Articles 104130 address contract expirations. Under the present law, if employees and employer continue with the same work arrangement after a contract expires, the contract is automatically renewed. Significantly, contracts renewed by default in this way become indefinite.

For a contract with an indefinite period, the employer may not terminate the contract unless the employee is guilty of wrongdoing as stipulated under Article 69. Expired contracts can also be renewed for a limited term by agreement between both parties.

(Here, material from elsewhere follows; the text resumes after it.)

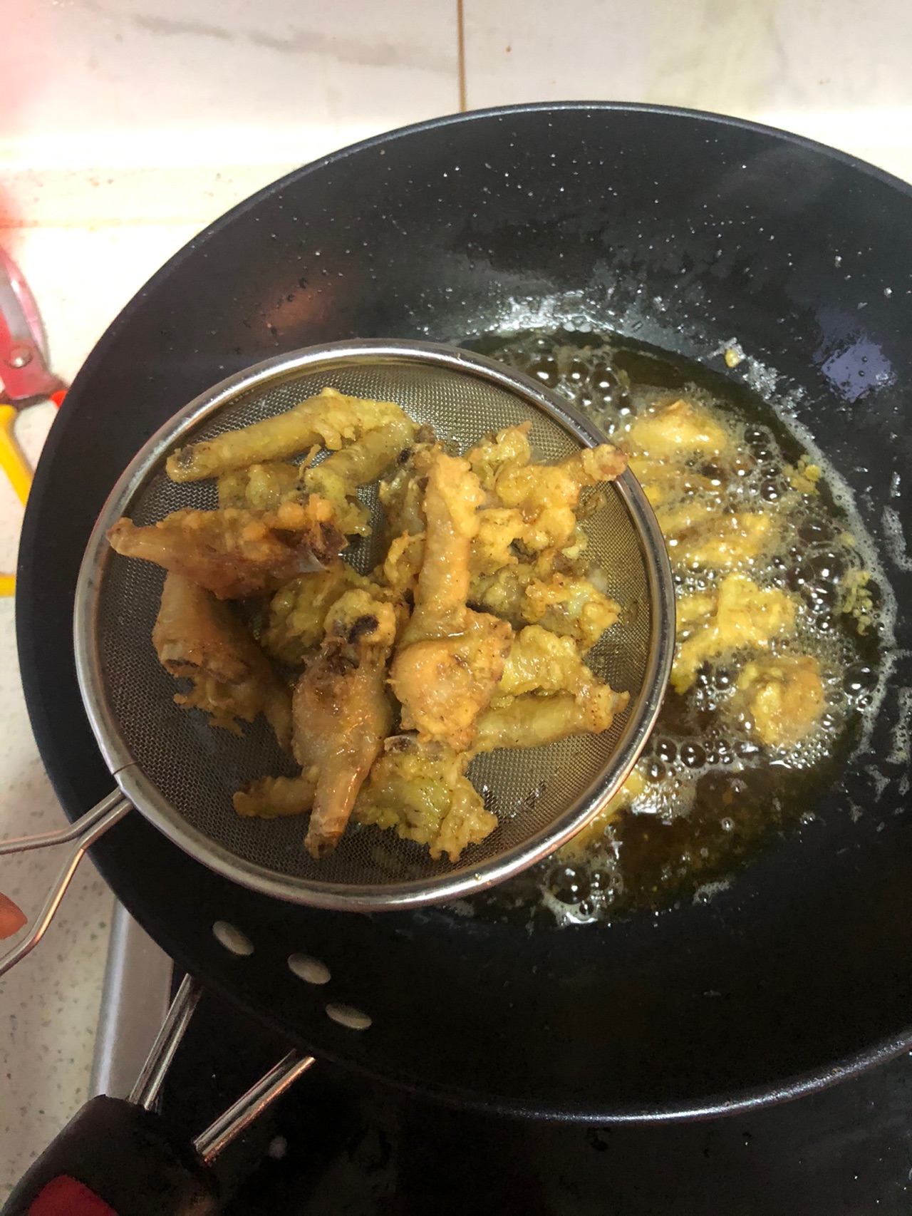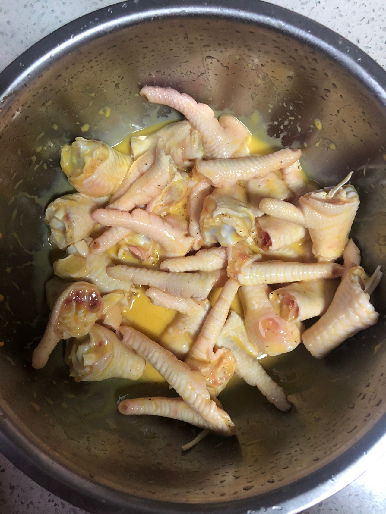 步骤4、倒入蛋糊搅拌均匀,油温6成热下入鸡爪进行油炸
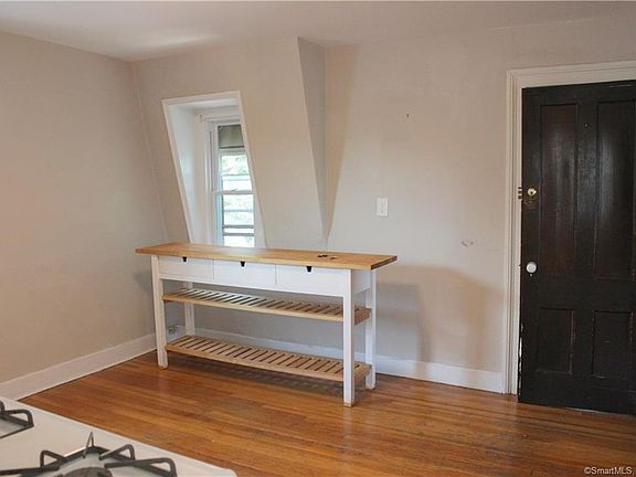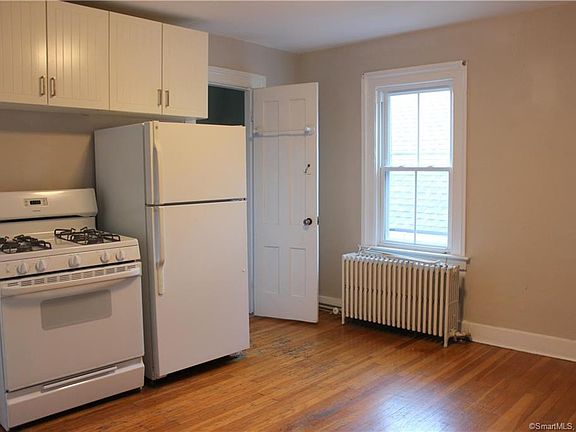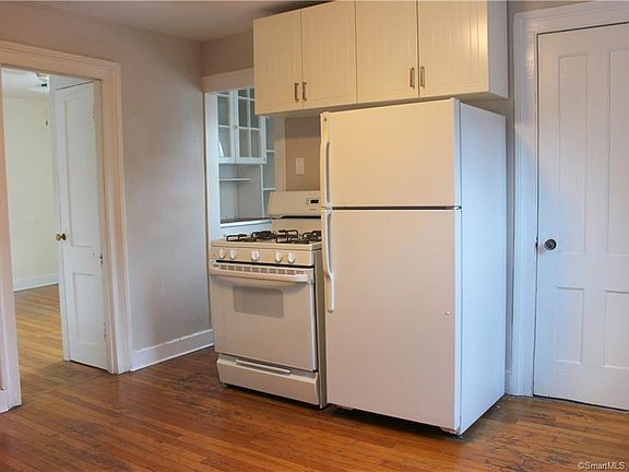 Spacious two bedroom apartment with hardwood floors and high ceilings in East Rock - steps to Yale School of Management! Rent includes heat and hot water! This four room apartment features a large eat in kitchen, living room, and two bedrooms. It has great character, with French doors and more. Laundry in basement. 1 garage parking spot included in rent, additional easy on street parking. Tenants pay for electric, and cable / internet if desired. Sorry, no pets. Conveniently located on the Yale shuttle bus and public bus route. Just steps to gourmet markets, restaurants, shops, parks and minutes to Downtown & Yale! Available August 1st with 1.5 months security deposit and good credit required.

An employer is legally responsible for providing two months notice of termination for employees with an employment contract of less than ten years, and three months notice if a contract extends beyond ten years. The labour contract remains legal during the notification period. Upon notification, the employee has the right to take off one day a week to search for other work until a job is found or the notification period ends.

Article 125 puts the retirement age at 60 years.